La isla mínima, la recensione del noir diretto da Alberto Rodríguez

Nel corso di questi ultimi anni il cinema spagnolo ha dimostrato di essere in grado di sfornare talenti sempre nuovi e interessanti, attraverso produzioni mature e ben confezionate che, come nel caso di pellicole quali Cella 211 o Bed Time, sono riuscite a trasformarsi in veri e propri fenomeni mediatici grazie al passaparola sul web.

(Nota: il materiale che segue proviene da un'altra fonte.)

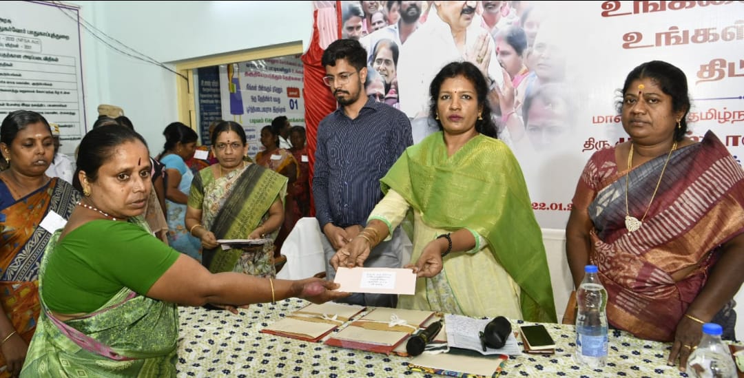 உங்களைத் தேடி உங்கள் ஊரில் திட்டத்தின் கீழ் தேனி தாலுகா அலுவலக கூட்ட அரங்கில் மாவட்ட ஆட்சித் தலைவர் ஆர் வி ஷஜீவனா பயனாளிகளுக்கு நலத்திட்ட உதவிகளை வழங்கினார்

Nel filone di noir cupi e detective stories senza redenzione, che ha preso sempre più piede nel panorama cinematografico iberico, si inserisce il nuovo La isla mínima diretto da Alberto Rodríguez, sesto film del regista andaluso in uscita nelle sale italiane dal 3 dicembre prossimo e già trionfatore alla passata edizione dei premi Goya. La pellicola, ambientata nella Spagna del 1980, prende il via da una trama semplice e lineare. Due poliziotti, chiamati da Madrid, indagano sul brutale omicidio di due ragazzine, sulla scia di torbidi intrecci sessuali consumati nella solitudine di un paesino di frontiera e di periferia. Al centro della vicenda la coppia di agenti Pedro e Juan, interpretati rispettivamente da Raúl Arévalo e da Javier Gutiérrez: da una parte un veterano del settore, segnato da un passato difficile da cancellare e ingabbiato in un carattere scontroso e violento, dall’altra un giovane e motivato investigatore intenzionato a scardinare un sistema, quello della giustizia spagnola, ancora legato a logiche clientelari e mercantilistiche. Lo scontro, quindi, non solo di due diverse personalità ma di differenti generazioni, sullo sfondo di una società ancora in bilico tra la nuova scoperta democratica e una eredità franchista dura da sradicare. Un Paese incerto, rozzo e maschilista, dove ognuno pensa a se stesso e diffida di chi gli sta intorno. I due stessi protagonisti sembrano, per molti aspetti, seguire due indagini separate e autonome, a discapito del lavoro di squadra e della condivisione di idee e opinioni. La pellicola, sorretta da una regia asciutta ma sapiente e da una fotografia malinconica, riesce a catturare lo spettatore e a guidarlo lungo un percorso fatto di case fatiscenti e vite sbiadite. Rodríguez, infatti, riprendendo spunti e tematiche viste anche nel recente El niño del connazionale Monzón, riesce a costruire un noir solido in un contesto credibile e riconoscibile.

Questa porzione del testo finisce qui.